No estuvo mucho rato jugando. La micro apareció a sus espaldas justo en el momento en que una gran pelota de
saliva estaba en el aire. Cuando movió la cabeza para escuchar con mayor precisión, el escupo le cayó en plena cara.
Al ver que venía acercándose lentamente, Miguel se tocó el bolsillo en que tenía la pistola. Era una FAMAE calibre 28,
de un color celeste horrible. Se la había robado a su padrastro un día que llegó curado a su casa.

Miguel hizo parar la micro. Subió y pagó con monedas de diez pesos. El micrero era un hombre viejo, como de
setenta y tantos, se veía cansado. Había sólo tres pasajeros: un borracho que dormía justo en el asiento de atrás del
chofer y una pareja en el último asiento que se besaba y manoseaba como si el mundo se acabara en ese instante.

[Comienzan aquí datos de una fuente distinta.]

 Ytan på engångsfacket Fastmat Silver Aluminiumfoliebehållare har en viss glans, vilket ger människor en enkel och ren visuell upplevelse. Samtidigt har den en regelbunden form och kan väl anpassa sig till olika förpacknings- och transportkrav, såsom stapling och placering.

La micro estaba tapizada con calcomanías religiosas que decían "Dios es mi copiloto", "Sólo Dios sabe si vuelvo" y
cosas así; también tenía imágenes de vírgenes y santos, que Miguel no tenía idea que existieran. Había, además, una
en que salía un tornillo persiguiendo a una tuerca que decía "No, por favor sin aceite no". Miguel no entendió el
chiste. Se sentó al lado del borracho, que tenía un olor que apestaba. Sin quererlo se quedó pegado mirando las
calcomanías. Le gustaron, sentía algo raro cuando veía la cara de sufrimiento de los santos. Pero de repente
reaccionó y decidió apurarse porque ya estaban por llegar al último paradero.

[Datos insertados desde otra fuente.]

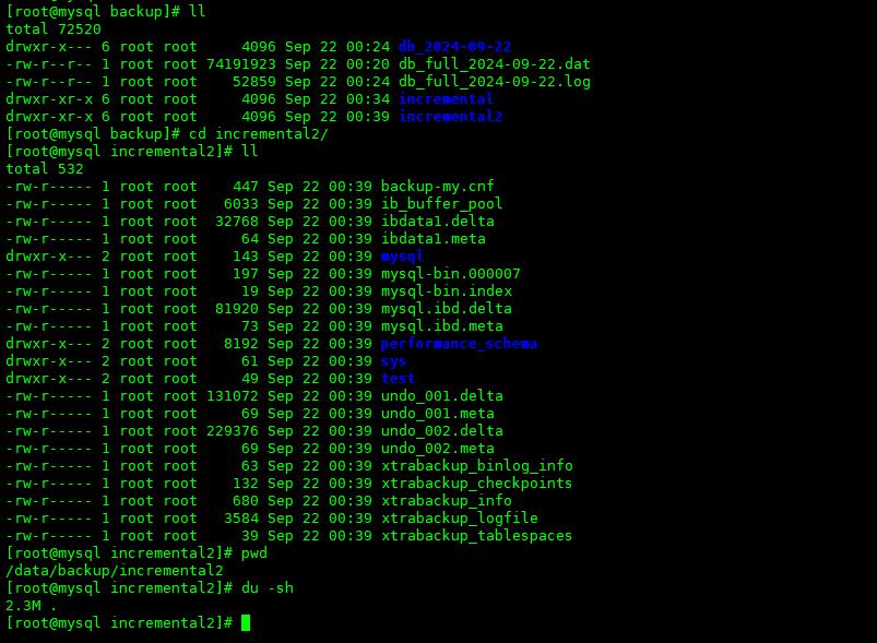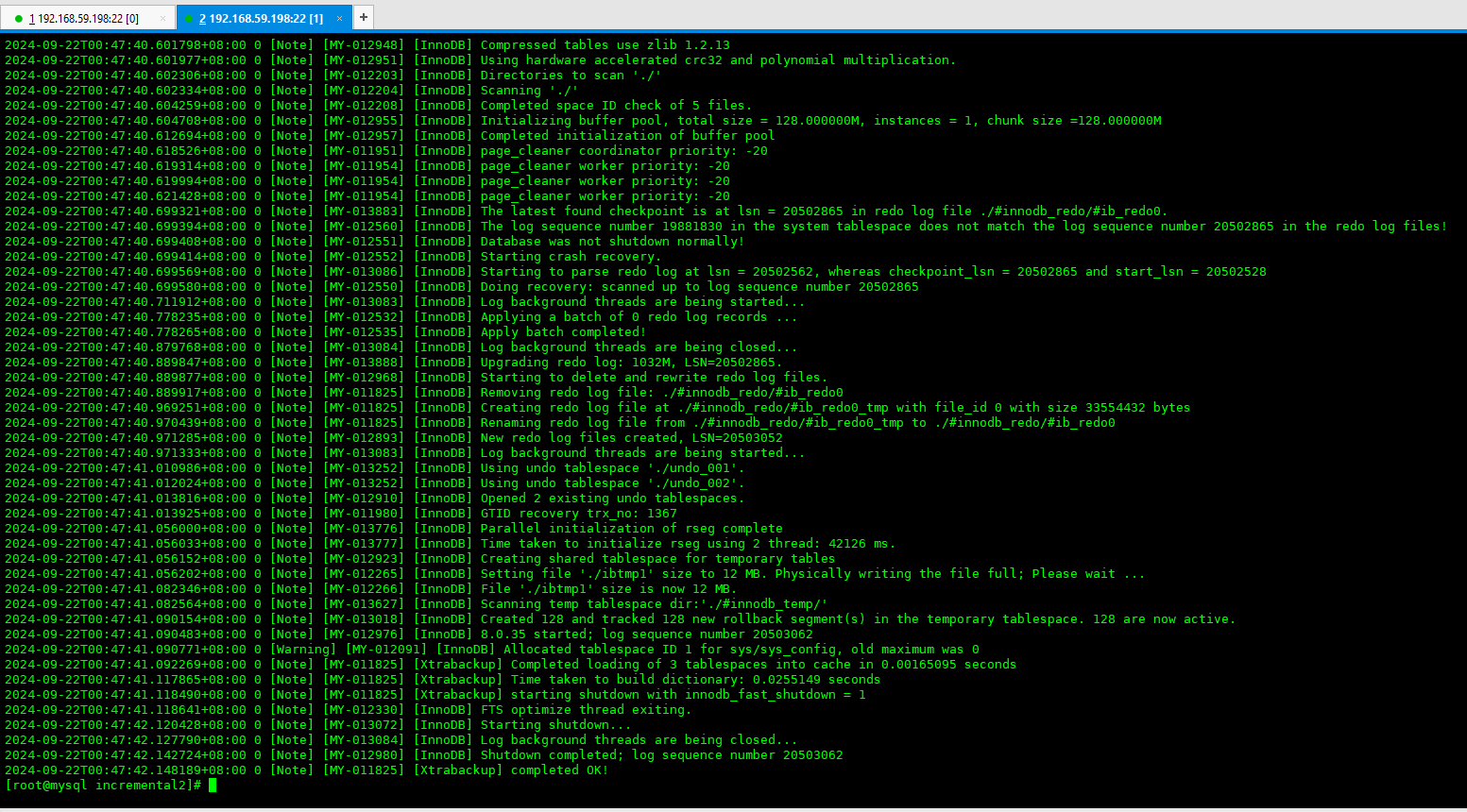 [root@mysql incremental2]# xtrabackup --defaults-file=/etc/my.cnf --prepare --target-dir=/data/backup/db_2024-09-22 #备份文件一致性检查

Lo hizo todo muy rápido. Se paró, sacó la pistola y se puso al lado del chofer. Le dijo que cerrara la puerta máquina y
que detuviera la máquina. El viejo al principio no entendió, pero cuando vio la pistola por el espejo se puso a tiritar y
obedeció las órdenes que le daba Miguel. "Me gusta que sea obediente", le dijo con suavidad.
El abuelo tiritaba y estaba a punto de ponerse a llorar. Era flaco, débil y no hacía ningún esfuerzo por evitar el asalto.

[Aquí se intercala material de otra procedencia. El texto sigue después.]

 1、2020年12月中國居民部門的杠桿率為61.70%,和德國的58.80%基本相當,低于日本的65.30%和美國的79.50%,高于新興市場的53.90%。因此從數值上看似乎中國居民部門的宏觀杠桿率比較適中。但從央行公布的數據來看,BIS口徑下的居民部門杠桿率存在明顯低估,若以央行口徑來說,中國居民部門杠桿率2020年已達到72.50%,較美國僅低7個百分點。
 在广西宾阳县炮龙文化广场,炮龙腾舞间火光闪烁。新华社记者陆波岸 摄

Mientras Miguel sacaba las monedas y los billetes -que, a todo esto, le alcanzaban de más para finas zapatillas-, el
viejo entre sollozos y medio tartamudeando le dijo: "Piensa bien lo que estás haciendo. Le estás quitando el sustento
a un pobre viejo indefenso. Si te llevas esa plata, caerán sobre ti todas las penas del infierno..."
Miguel lo miró con una cara extraña, como de compasión infinita. Sacó la última moneda de la caja de madera y le
reventó la cara con una de las balas que escupió la FAMAE.

"El infierno no existe, compadre", recitó sobre el cadáver.